Per-frame style (experimental):

  • AI Per-Frame Style Transfer — SD img2img per frame with seed-locking + EMA temporal coherence pass. Quality ~70% temporal consistency. 15 s per frame at 512 px = ~4 minutes for a 16-frame clip; this is the slow, experimental tier. Ships behind a Beta badge.

Experimental video generation (stretch catalogue)

  • AI AnimateDiff — SD + motion module (~300 MB additional). Generates short (8 or 16 frame) animated clips from a prompt at 512 px. 40–60 s wall-clock.
  • AI Cinemagraph — subtle motion on a still image. Optical-flow + per-frame img2img. Good for water, hair, flags, smoke.
  • AI Slow Motion — RIFE-4.6 (~100 MB) frame interpolation. 2× / 4× temporal upsampling with smooth results.
  • AI Voice Clone — Piper TTS (~50 MB + per-speaker) for narration generation.
  • AI Avatar Lipsync — Wav2Lip (~250 MB) — drive a single photo with an audio track. Sync drift ~50 ms; Beta-flagged.

What can't be done client-side

The video-generation matrix has honest exclusions:

  • True text-to-video at quality (CogVideoX-1.5B and similar) — decoder isn't WASM-friendly, no mature browser binding as of cutoff.
  • Stable Video Diffusion (SVD) image-to-video — model + VRAM spike exceed mid-range device capability.
  • Full music generation (MusicGen) — decoder unfriendly to WASM.
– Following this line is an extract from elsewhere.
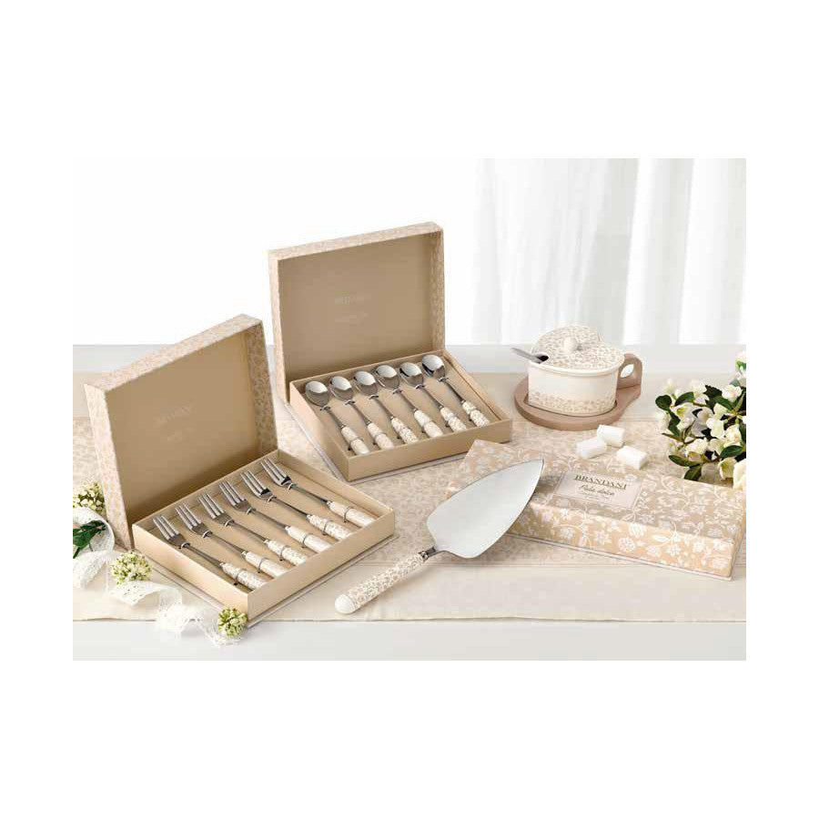 Il set da 6 cucchiaini Brandani della collezione Campo ai Fiori unisce eleganza romantica e praticità quotidiana. Ogni cucchiaino è composto da una parte in acciaio inox e un raffinato manico in porcellana decorata con un delicato motivo floreale nei toni beige, perfetto per impreziosire ogni pausa dolce o salata. Ideali per dessert, tè, caffè o per completare con stile una mise en place coordinata, questi cucchiaini sono anche un’ottima idea regalo.

These are documented in the FAQ as "needs server-side compute we don't operate." If a future Chromium release or smaller quantised variant ships, they fold in as follow-up phases.

How the cluster integrates with the video editor

The video editor's AI Suite sidebar surfaces all eight headline tools as preset chips. The AI panel in the video editor recognises video-specific commands ("cut the silent parts", "make a 30 second highlight", "burn in subtitles").

The video toolbar's AI Smart-Reframe button (⤢) gives one-click access to the most common workflow (horizontal to TikTok 9:16). The AI Quick- Generate (🪄) button opens a prompt input for text-to-background that applies as the video's bg-fill.

The E3+X1 worker migration that ships with this cluster moves all seven remaining single-thread video utilities (compressor, format converter, resizer, rotate, canvas extender, metadata remover, format comparison) to OffscreenCanvas workers so per-frame AI processing doesn't compete with utility encoding for the main thread.

Tier required

Lite covers Subtitles, Smart Trim, Audio Denoise, Scene Detection, Reframe, and Best-Frame Picker. Standard covers Source Separation, Highlights, Video Caption, Thumbnail Generator. Pro covers Per-Frame Style Transfer, AnimateDiff, Cinemagraph, Voice Clone, Lipsync.